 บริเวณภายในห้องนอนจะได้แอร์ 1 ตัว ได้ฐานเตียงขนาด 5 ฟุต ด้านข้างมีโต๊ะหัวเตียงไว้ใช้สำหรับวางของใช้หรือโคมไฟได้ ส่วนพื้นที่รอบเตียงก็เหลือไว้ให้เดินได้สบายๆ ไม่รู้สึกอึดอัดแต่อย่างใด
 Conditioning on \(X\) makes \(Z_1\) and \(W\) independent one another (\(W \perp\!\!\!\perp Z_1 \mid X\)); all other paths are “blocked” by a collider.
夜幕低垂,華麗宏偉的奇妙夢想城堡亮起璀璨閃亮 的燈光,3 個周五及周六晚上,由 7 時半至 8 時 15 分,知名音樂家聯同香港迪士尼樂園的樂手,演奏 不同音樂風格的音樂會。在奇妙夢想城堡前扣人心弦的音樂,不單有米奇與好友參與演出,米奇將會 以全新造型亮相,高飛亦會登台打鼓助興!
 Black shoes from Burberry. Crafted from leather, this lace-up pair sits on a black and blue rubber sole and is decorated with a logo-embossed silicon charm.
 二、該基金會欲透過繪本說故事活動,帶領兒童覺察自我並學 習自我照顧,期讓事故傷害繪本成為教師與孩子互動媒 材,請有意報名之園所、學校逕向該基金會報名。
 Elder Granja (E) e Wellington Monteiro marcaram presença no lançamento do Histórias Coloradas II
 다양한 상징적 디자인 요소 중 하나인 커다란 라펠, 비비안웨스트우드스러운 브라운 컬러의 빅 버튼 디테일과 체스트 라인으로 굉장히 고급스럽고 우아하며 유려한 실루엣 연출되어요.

*****

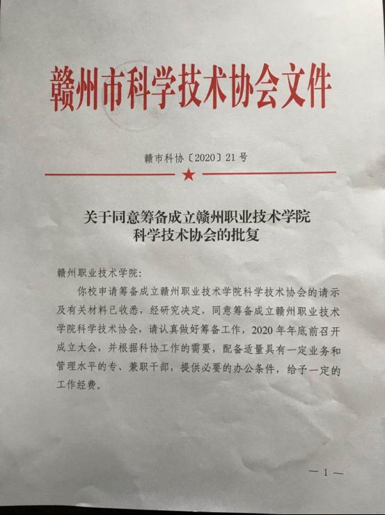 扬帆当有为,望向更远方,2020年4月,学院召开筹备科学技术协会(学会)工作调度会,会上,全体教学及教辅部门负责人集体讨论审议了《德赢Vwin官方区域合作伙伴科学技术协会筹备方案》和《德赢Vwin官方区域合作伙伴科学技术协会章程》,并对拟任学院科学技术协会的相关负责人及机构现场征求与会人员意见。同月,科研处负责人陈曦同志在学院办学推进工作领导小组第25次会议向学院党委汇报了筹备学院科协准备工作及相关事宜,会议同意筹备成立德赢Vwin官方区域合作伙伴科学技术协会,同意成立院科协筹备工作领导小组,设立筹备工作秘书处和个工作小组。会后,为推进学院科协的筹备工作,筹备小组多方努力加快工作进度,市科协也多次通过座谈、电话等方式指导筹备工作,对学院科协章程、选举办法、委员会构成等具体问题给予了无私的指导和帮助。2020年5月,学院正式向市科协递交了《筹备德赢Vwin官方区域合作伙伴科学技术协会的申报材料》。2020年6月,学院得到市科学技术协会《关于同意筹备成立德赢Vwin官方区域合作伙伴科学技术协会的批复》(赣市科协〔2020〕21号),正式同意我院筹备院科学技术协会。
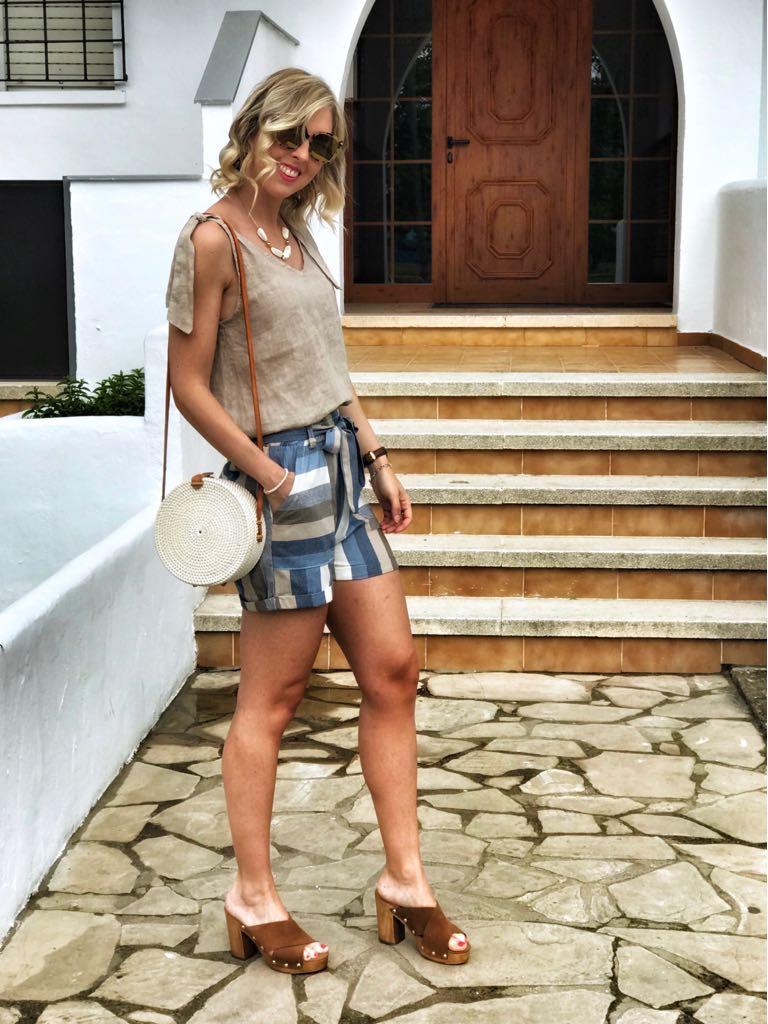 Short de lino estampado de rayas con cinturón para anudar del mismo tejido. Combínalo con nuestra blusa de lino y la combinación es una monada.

*****

For this exercise, please output exactly the lines above starting at the line with "บริเวณภายในห้องนอนจะได้แอร์ 1 ตัว" and ending at the line with "夜幕低垂,華麗宏偉的奇妙夢想城堡亮起璀璨閃亮 的燈光,3 個周五及周六晚上,由", ends included.

 บริเวณภายในห้องนอนจะได้แอร์ 1 ตัว ได้ฐานเตียงขนาด 5 ฟุต ด้านข้างมีโต๊ะหัวเตียงไว้ใช้สำหรับวางของใช้หรือโคมไฟได้ ส่วนพื้นที่รอบเตียงก็เหลือไว้ให้เดินได้สบายๆ ไม่รู้สึกอึดอัดแต่อย่างใด
 Conditioning on \(X\) makes \(Z_1\) and \(W\) independent one another (\(W \perp\!\!\!\perp Z_1 \mid X\)); all other paths are “blocked” by a collider.
夜幕低垂,華麗宏偉的奇妙夢想城堡亮起璀璨閃亮 的燈光,3 個周五及周六晚上,由 7 時半至 8 時 15 分,知名音樂家聯同香港迪士尼樂園的樂手,演奏 不同音樂風格的音樂會。在奇妙夢想城堡前扣人心弦的音樂,不單有米奇與好友參與演出,米奇將會 以全新造型亮相,高飛亦會登台打鼓助興!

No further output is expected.